# bobcat 310



## speedbuff (Jan 14, 2012)

Hi I am a newbie to this site and hopefully you will allow my to post my bobcat question here .My bobcat is powered by a kohler k341 engine ,It has a rather odd 2 speed belt clutch that is electrically actuated .I understand that these 2 speed clutches were used on some wheelhorse tractors as well? I am hoping to find out if anyone is familiar with these units .Are the 341 kohlers worth rebuilding ? I was planning on having it bored over and not sure what to do with the bottom end there are some kits that include a piston rings connecting rod and all seals gaskets for 130 dollars .Does this sound like a decent approach ? How much compression pressure should I see on a compression test ? The engine runs ok but seems a little tired any ideas? thanks john


----------



## jhngardner367 (Apr 5, 2011)

*kohler*

The Kohler K341 engine is a good unit,and well worth rebuildig. It normally should pull 60-80 psi,and sometimes higher,depending on the age.A Kohler dealer could tell you exact psi. These engines are strong,reliable,and still quite popular. The price you gave for the kit isn't too bad,if it has the gaskets,ringset,and any o-rings. I'm not familiar,though with the type of 2-speed drive you mentioned. Can you post some pictures,perhaps? If the engine seems "tired",but doesn't smoke/leak oil,it may only need a good tune-up.Check the points for burning/gap (.014 is a good start),and chech the coil for a hot spark.Since it's a battery/coil ignition,like a car,weak voltage into the coil will cause poor running.


----------



## speedbuff (Jan 14, 2012)

*Still hoping for some help on the clutches*

I am still hoping someone may have dealt with the 2 speed electrical clutches used on the little bobcats like 310 and 313 .They are attached on the horizontal shaft of a kohler k341 .Does anyone have any knowledge of these any help would be great, even a picture or brand name ? I am hoping to find some way of installing something similar at the very least.These units operate similiarly to automotive air conditioning clutches please help !!


----------



## speedbuff (Jan 14, 2012)

I HAVE THE UNIT BACK IN SERVICE WITHOUT THE ELECTRIC CLUTCHES BUT IT IS VERY HARD TO START .Once its started it runs great valves have been adjusted and carb cleaned .In this application it uses a automotive size battery and spins over at mach 10 but it still does not like to start any ideas ?


----------



## cantfixthisdam (Aug 19, 2012)

hi i have a 743 bobcat,it runs fine my problem is the hydraulics. the bucket works fine when it is attached, but when i hook the backhoe attachment to the hydraulics they do not on the backhoe any ideas. thanks for any suggestions.


----------



## speedbuff (Jan 14, 2012)

you have to have oil flowing to the controlls of the attachment so make sure there is flow and it is in the right direction so the loader bucket controll valve may have to be held in up or down position to feed the controll valve body on the backhoe attachment .hope this helps


----------



## donshiv (Apr 4, 2013)

speedbuff said:


> I am still hoping someone may have dealt with the 2 speed electrical clutches used on the little bobcats like 310 and 313 .They are attached on the horizontal shaft of a kohler k341 .Does anyone have any knowledge of these any help would be great, even a picture or brand name ? I am hoping to find some way of installing something similar at the very least.These units operate similiarly to automotive air conditioning clutches please help !!

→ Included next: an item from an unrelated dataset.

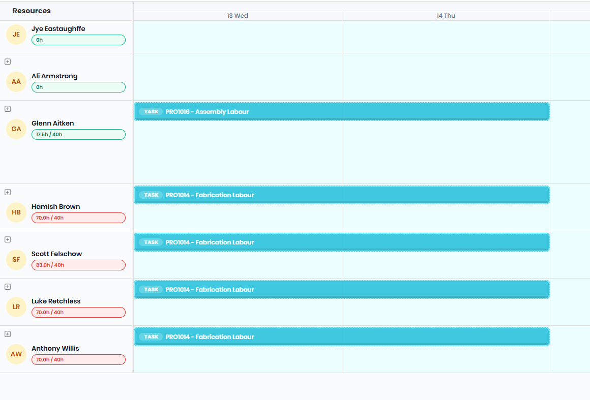 Is there a way to show the hours per staff members in the Gantt Chart and Staff Schedule and be able to move around the individual staff freely?

I have a 73 310. It has an electric clutch to engage the hydraulics and a hydraulic solonoid to give it the higher drive speed, which must be engaged while in neutral. I'm not sure which system you're talking about. Mine seemed gutless when I first got it. Turned out to be a filthy carb and plugged fuel line from the tank. I fixed those problems and it's a little workhorse for me.


----------



## ozibob (Oct 28, 2014)

hi bob from tazmazia have a 310 with 2 speed electro magnetic clutch was originally onl working on 1 clutch a new 1 was avaliable from bobcat about $800 aussie dollas and were also avaliable from germany for a lot less but i am tight arse so went to an electricmotor reconditioner who rewired the coil an sealed it for $120aussiedollas then got automotive electrician to wire it back in properly . the idea of the 2 speed is on very flat ground u can use machine in top gear if not ideal ground conditions use low gear but u can use low gear to travel but when u are stationary and going to dump press high gear and will dump at high speed cheers ozibob


----------